The advertising industry operates within strict regulations and is monitored by the ASCI in India. Even with truth-in-advertising laws in place, advertisers have significant leeway to violate the ethical standards of a wide range of consumers. Advertisers have to be especially careful to act ethically at all times, taking extra care when advertising to children, advertising potentially harmful products and using psychological tactics to stimulate demand. Having a list of ethical and legal issues at hand when creating advertisements can help you to craft legal, responsible ad messages.
Sometimes misleading statements are contested in courts. For example, an advertisement of Nestle India Ltd (maggie healthy soup) created an impression that consumption of Maggie soup leads to better heart and health, while on testing by independent agency, it has been found that it contains high levels of salt which releases sodium into body which in turn, causes hypertension and high blood pressure instead of good heart and health. Therefore, on complaint, ASCI declared the advertisement as case of misleading by implication and ambiguity. Nestle India Ltd assured ASCI that it would modify its advertisements.

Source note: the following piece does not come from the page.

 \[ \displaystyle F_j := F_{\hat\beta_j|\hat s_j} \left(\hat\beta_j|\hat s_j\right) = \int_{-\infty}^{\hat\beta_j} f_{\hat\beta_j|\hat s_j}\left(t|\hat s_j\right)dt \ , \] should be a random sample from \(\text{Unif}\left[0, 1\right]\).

Role of ASCI (Advertising Standards Council of India):
Its primary purpose is to control the content of advertisements. ASCI is not a government body, it is a voluntary council, registered as a not for profit company under section 25 of the Indian Company’s Act, 1956.
The following are the basic principles of ASCI:
1. To insure the truthfulness and honesty of representation & claims made by advertisements and to safeguard against misleading advertisements.

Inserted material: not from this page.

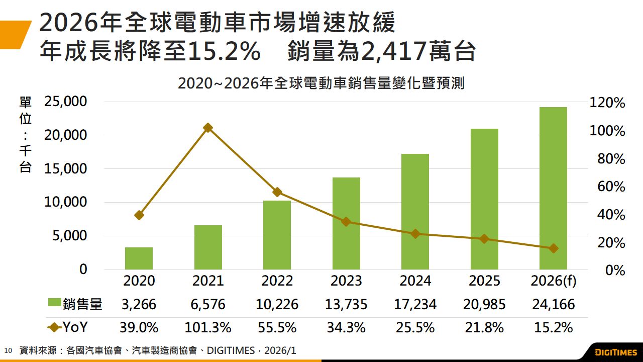 2026年EV動能收斂、全球車市承壓 三大市場分化加劇 預估年增15.2%

2. To insure that advertisers are not offensive to generally accepted standards of public decency.
3. To safeguard against the indiscriminate use of advertising for the promotion of products which are regarded as hazardous to members of society.
4. To ensure that advertisements observe fairness in completion so that the consumers are informed on choices in the market- place and the canons of generally accepted competitive behavior in business are both served.